- [WORK INSTRUCTIONS]
Go through the data below line by line and report how many lines contain "with", giving only that figure.

- [THE DATA]
━━━━━━━━━━

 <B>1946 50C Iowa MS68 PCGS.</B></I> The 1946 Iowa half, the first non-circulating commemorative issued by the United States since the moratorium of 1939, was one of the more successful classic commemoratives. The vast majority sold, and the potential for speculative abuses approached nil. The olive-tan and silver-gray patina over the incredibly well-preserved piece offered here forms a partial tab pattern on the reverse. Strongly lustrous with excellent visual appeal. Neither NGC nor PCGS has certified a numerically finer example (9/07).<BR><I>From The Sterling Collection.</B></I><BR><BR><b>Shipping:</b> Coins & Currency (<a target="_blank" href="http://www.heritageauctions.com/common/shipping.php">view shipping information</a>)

━━━━━━━━━━

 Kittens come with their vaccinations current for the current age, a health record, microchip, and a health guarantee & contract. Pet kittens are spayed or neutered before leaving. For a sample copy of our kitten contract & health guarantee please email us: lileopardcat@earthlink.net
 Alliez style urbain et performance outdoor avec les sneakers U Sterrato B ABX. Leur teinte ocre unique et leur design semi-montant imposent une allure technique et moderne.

━━━━━━━━━━

- [SOLUTION FOR THIS TASK]
2